Sharing an incident, she said that someone wrote to his NC member anonymously saying that if they decide to repeal Section 213 and 214 then he was going to write with his real ID to thank him. “So, there is different kind of movement going on showing that people want to come forward, they want to talk and they want to be open.”
After her interaction with the NC members yesterday, Namgay Zam said she was assured that they were not against the LGBTIQ community. “I don’t think they are homophobic, the majority of them, at least. I am sure there are some people who may not see how we see things and there are always people who are like that around the world. I am very much aware of that.”
She said that she was glad to know that there were so many Bhutanese who wanted LGBTIQ people in Bhutan to live with dignity. “There are so many of us who supports the community, it is very heartening to me personally.”
A supporter of the movement said sections 213 and 214 of the Penal code must to be repealed, as it is a vestigial component of the Penal Code.
He said that many arguing that the law has never been put in practice. This itself, he added, was an indication that the articles were just occupying space in the Penal Code without any function.
However, he said, that retaining them had negative implications as they could also be misused. “What needs to be very clear is that the LGBTIQ communities and their supporters are not asking for special privileges, just equal rights.”
As a father of three sons, he said that he might have some luck in influencing their choice of profession but he did not see how he could persuade them to change their sexual and emotional preferences.
“My point is that sexual preference is natural and cannot be described as unnatural just because it doesn’t conform to the norms that the society has determined is natural or right,” he said
Following the deliberation at the NC, many resorted to social media to share their concerns and grievances.
NC’s chairperson Tashi Dorji explained on January 18 on Facebook that there were several attempts to sensationalise the discussions pertaining to the clauses 213 and 214 of the Penal Code amendment. NC members were he said, slandered and labelled homophobic.
“As the chair presiding over the session, I have not noticed any member saying anything against the LGBTIQ community,” the post states.
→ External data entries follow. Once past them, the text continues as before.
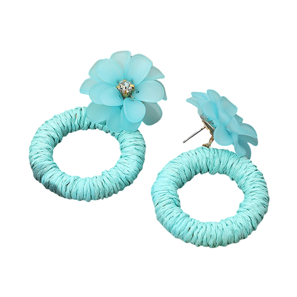 Flower Raffia Hoop Dangle Earrings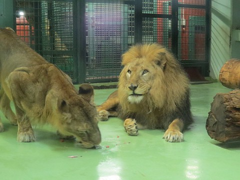 お食事中だったライオン夫婦。正確に言うとティモンが咆哮している間...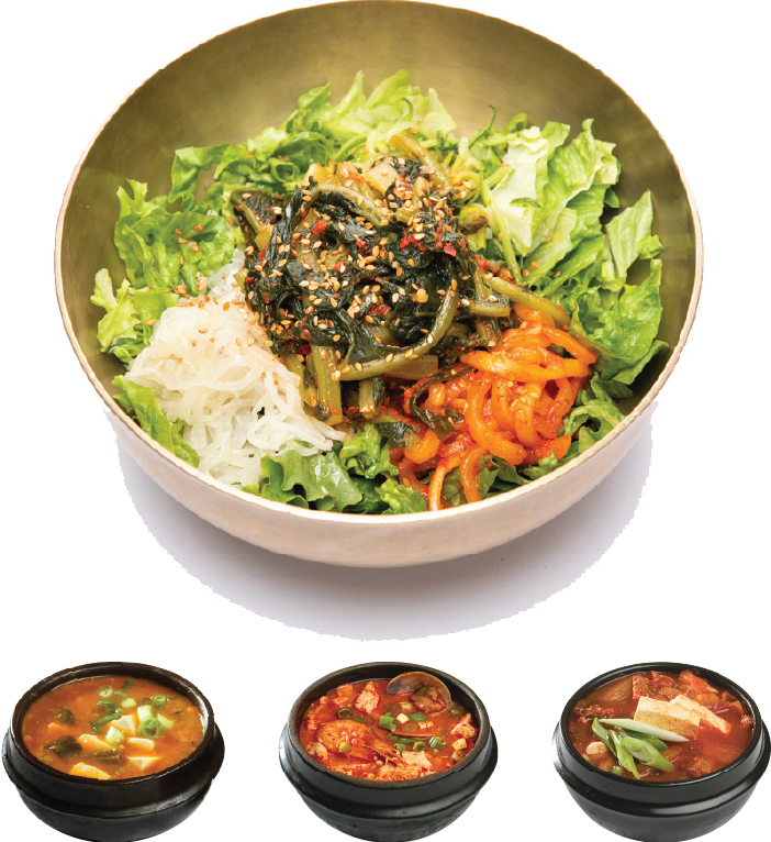 * Any Bibimbop with Choice of Spicy Soft Tofu Stew or Bean Paste Stew $3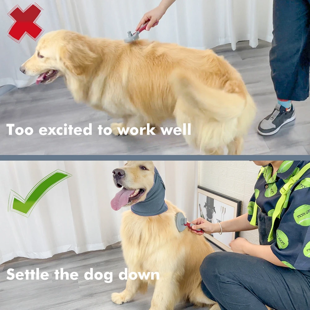 Regalo perfecto para sus mascotas: Esta capucha protectora para los oídos para perros es adecuada para usar en el Salón de peluquería de mascotas al bañarse, soplar, cepillar, reparar las uñas, puede reducir el ruido, calma a tus perros cuando haya truenos, huracanes o toques repentinos de extraños.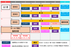 毎月スケジュールや毎週のお得なプログラムなどの情報があります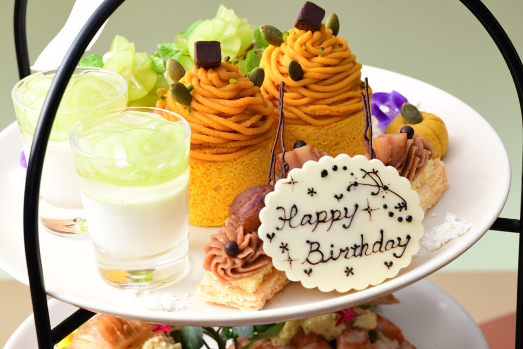 10月からは、ハロウィンをモチーフにしたデコレーションデザートがティースタンドを彩ります。愛らしい見た目と季節感あふれるスイーツは、写真映えも抜群。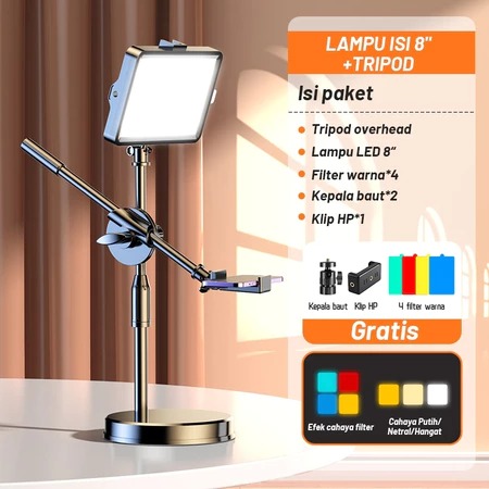 Overhead Phone Stand Tripod + Led Lampu Stand Holder Phone Holder Bracket 360° - cok270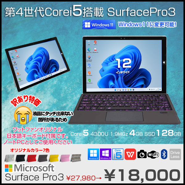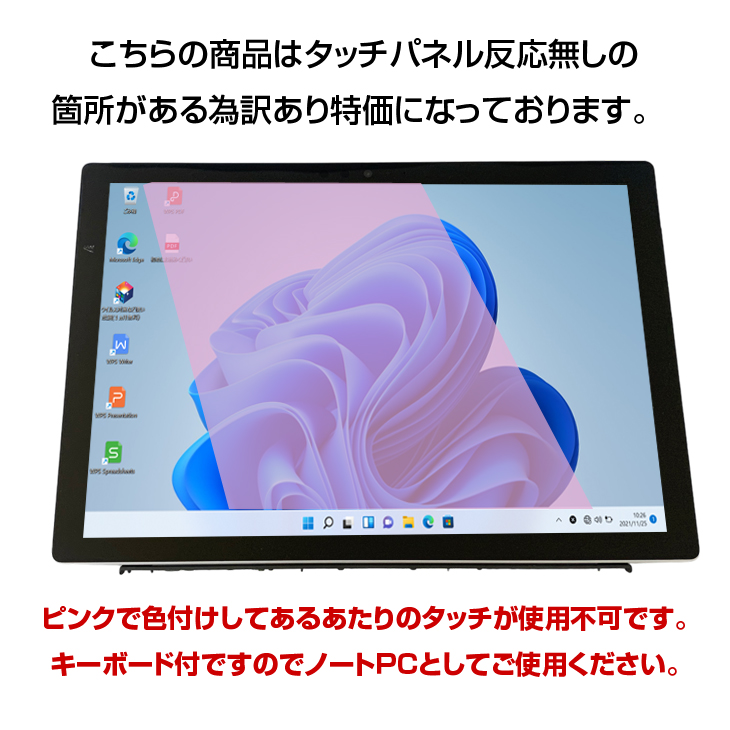 【中古パソコン】Microsoft Surface Pro3 中古 タブレット office Win10Pro [core i5 4300U 4GB SSD128GB 無線 カメラ KB黒 日本語キー] :訳あり品(タッチ×)
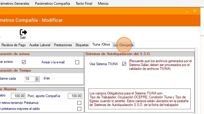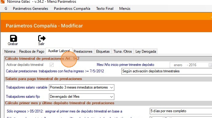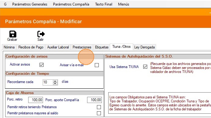 Tip: Con los pasos descritos anteriormente podrás activar o desactivar los parámetros de compañía en el Nómina Gálac.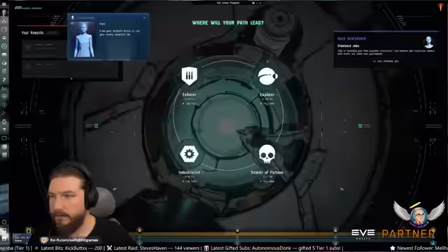 00:03:54Der Stream beginnt mit einer visuell beeindruckenden Szene, bei der die Startstation explodiert und Wrackteile im Weltall umherfliegen. Der Spieler befindet sich in seiner Kapsel, wird von der KI Aura durch das Tutorial geleitet. Aura berichtet, dass das Klonzentrum vor der Evakuierung attackiert wurde. Nach einer kurzen Interaktion mit Zuschauern steuert der Spieler ein Schiff an, um es zu betreten und das Tutorial fortzusetzen.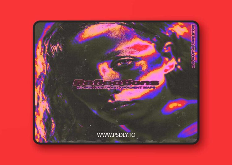 Reflections is a pack of 50 gradient map presets created to add a chrome/reflective effect to your stock photos or renders. Gradient maps come in a .GRD format and can be easily installed and used in just a couple of clicks.
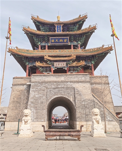 寻至其下,仔细观望,整体建筑坐北朝南,底座呈四方形,三层四面,高约20米。四根通天柱撑起琉璃宝顶,显得底蕴厚重、威风凛凛。阁的四面各悬匾额,南侧自上而下为“玉皇阁”“紫微天关”“昌天帝主”,东侧为“阜民”,西侧为“文献明邦”,北为“至上”,字迹苍劲有力,古色古香。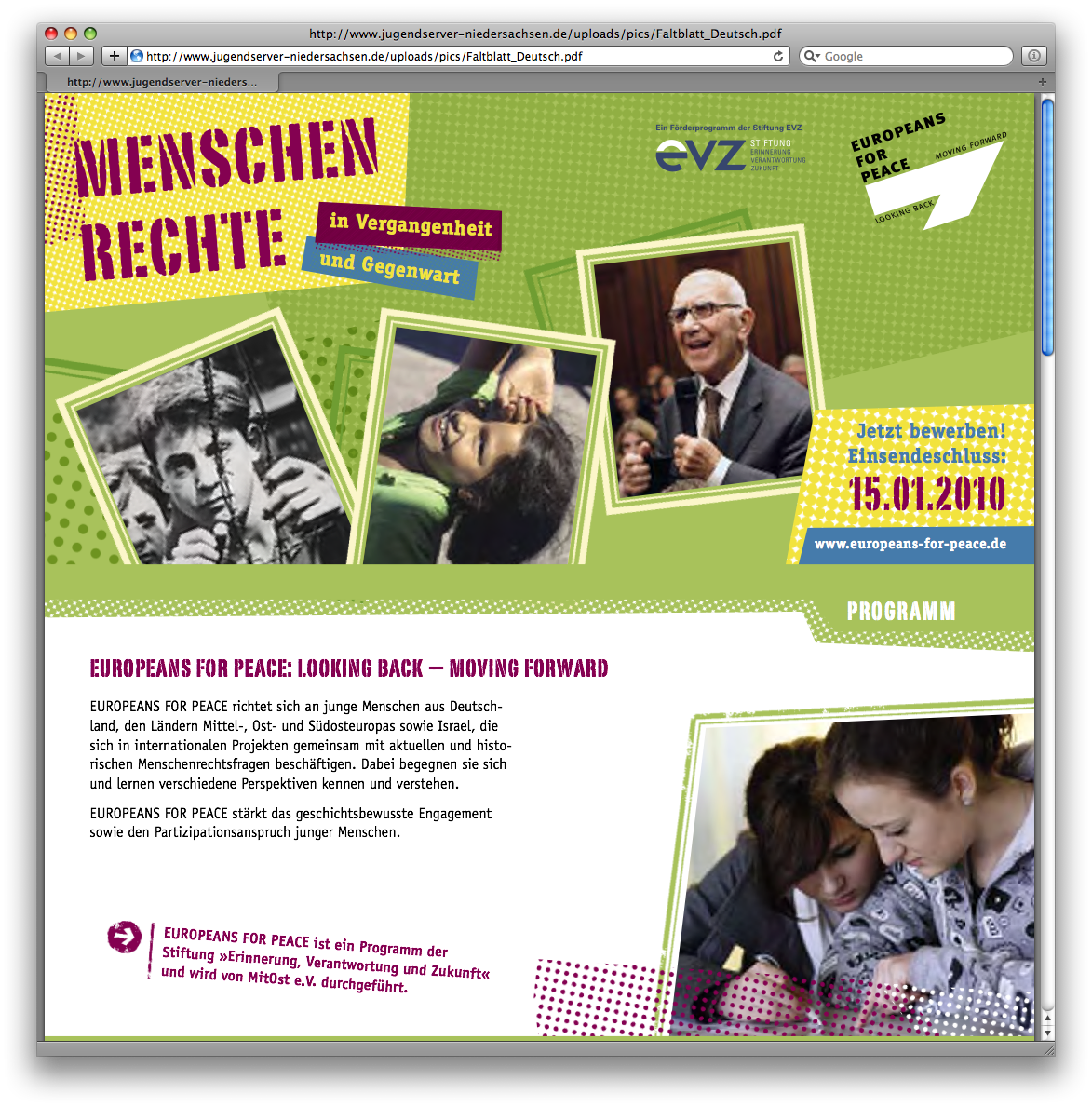 EUROPEANS FOR PEACE ist ein Förderprogramm für internationale Jugendprojekte der Stiftung »Erinnerung, Verantwortung und Zukunft« zur Förderung des geschichtsbewussten Engagements junger Menschen. [mehr]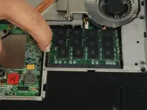 Оттяните левый фиксатор влево, чтобы освободить модуль памяти.

He said the discussion focused more on the need to harmonise the two clauses with other legal provisions. “As a lawmaking house with the legislative mandate, it is important to understand that lawmaking is a process that involves discussion and debate and is not an event for publicity stunts.”
Requesting the activists to not sabotage the legal process by misinforming and sensationalising the issue, the post states that the chairperson spoke to the LGBTIQ community members who have raised genuine concerns and explained the issue and legal processes to them. “LGBTIQ community members expressed appreciation and understanding of the NC.”
One of the founding members of Rainbow Bhutan, Tashi Tsheten, said that the community was hopeful that the NC would see through the wisdom of what the National Assembly had so far done. “We understand that it’s a legal process and it will take time. For now, we need to be patient and hope for the best.”
On the petition, he said that it, including the comments, were not irrational and showed concerns and fears for the community.
He said that it was not only the LGBTIQ community who was talking about the repeal. “Everyone is coming forward and talking about the repeal. Just a comment or post made on the recommendation by the legislative committee have gathered so much support for the community and we are glad this has happened so far.”
However, he said it was too early to say anything concretely about the issue. “But we are waiting for the decision on February 7 when they go to vote on the Penal Code Amendment Bill 2019.”
As of 9pm yesterday, 2,251 people had signed the petition.
“A lot of signing is happening because other people are sharing it asking their friends and relatives. The credit goes to everybody who is involved,” Namgay Zam said.